Grizzly 399 and her four cubs generally stayed out of trouble during her 2020 monthlong sojourn in the southern valley, though there were exceptions. The highly habituated sow, which has spent the last 15 years living amid thousands of park visitors, successfully exploited human-related foods on several occasions. She wiped out a beekeeper’s colony, got into livestock feed and fed for hours on pelleted, enriched molasses that had been spread out for wildlife in a Solitude Subdivision backyard.

The saying, “A fed bear is a dead bear,” has merit: Oftentimes food-motivated bruins are unable to break bad habits, such as raiding food in residential areas, once they learn the behavior.

But Grizzly 399 was an exception, at least initially. She successfully resumed her life as a wild bear, feeding on hunter-killed elk last winter and then elk calves this past spring. But already, her time outside the park is off to a rough start.

“Unfortunately, they got into some livestock feed yesterday,” Game and Fish bear biologist Mike Boyce said Wednesday.

Once word spread that Grizzly 399 was again south of the national park Tuesday, her faithful fan club began spreading word online, attempting to educate the tens of thousands of tourists and seasonal residents who are in Jackson Hole on any given day.

Savannah Burgess, a local wildlife photographer, urged people to remove their birdseed and hummingbird feeders, keep their garbage and pet food inside, and to protect other ursine edibles like chicken coops, beehives and compost piles. Teton County’s zoning code requires bear-proof garbage cans and mandates that birdfeeders be hung out of reach of bears.

Grizzly 399 and her four 1-year-old cubs were reported by the Aspens and by anglers floating the Snake River on Tuesday. Although the rumor mill was in overdrive about the grizzly family’s whereabouts Wednesday, the five bears were notably less visible, biologist Boyce said.

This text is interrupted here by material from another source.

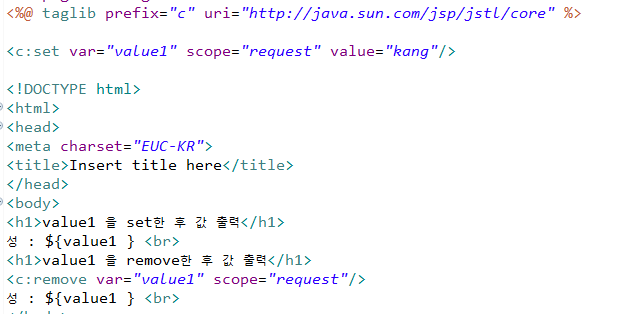 코어 태그 중에서 set 을 먼저 살펴보겠습니다. 우리가 이전에 사용했던 scope 에 값을 저장하는 기능을 set 이 수행합니다. set 태그를 사용해서 변수 명과 스코프, 들어갈 값을 모두 지정하여 생성할 수 있습니다. remove 는 생성했던 변수를 제거하는 기능을 수행합니다. 변수명과 스코프를 지정해주어야 합니다. 이번에는 set 과 remove 코어 태그를 실습을 통해서 학습해보겠습니다. JSTL 을 JSP 에서 사용하기 위해 jar 파일 3개를 다운로드 받아서 지정된 위치에 넣어주었다면 이제는 JSP 파일에서 파일 설정을 하나 해주어야 합니다. 위와 같이 페이지 설정을 <@ taglib prefix="c" uri=="http://java.sun.com/jsp/jstl/core" %> 로 지정해줍니다. 이렇게 하면 JSTL 을 사용하기 위한 준비가 모두 끝나게 됩니다. 이제 코어 태그를 사용하여 set 과 remove 를 사용해 봅시다. <c:set ~/> 태그로 내가 원하는 값을 저장했습니다. 저장한 값은 EL 표현언어를 사용하여 ${value1 } 으로 꺼내서 사용했습니다. <c:remove ~> 태그로 내가 원하는 값을 삭제했습니다. 실행된 결과를 보니까 우리가 원하는대로 출력된 것을 확인할 수 있습니다.

“It’s been really quiet,” he said Wednesday. “I haven’t been able to confirm anything today.”

For now, grizzly managers and those who follow the celebrity bears most closely are hoping for the best.

“Any road crossing with five bears is going to be fairly risky, especially with this many people,” Burgess said. “That’s definitely a major concern.”

Longtime Grizzly 399 advocate Ann Smith has been “fretting and worried” following the latest saga.

“It’s like my child has run away from home,” Smith said. “I’m disturbed that she got in livestock feed, but you can’t blame her. It’s like a buffet, and she’s just walking by.”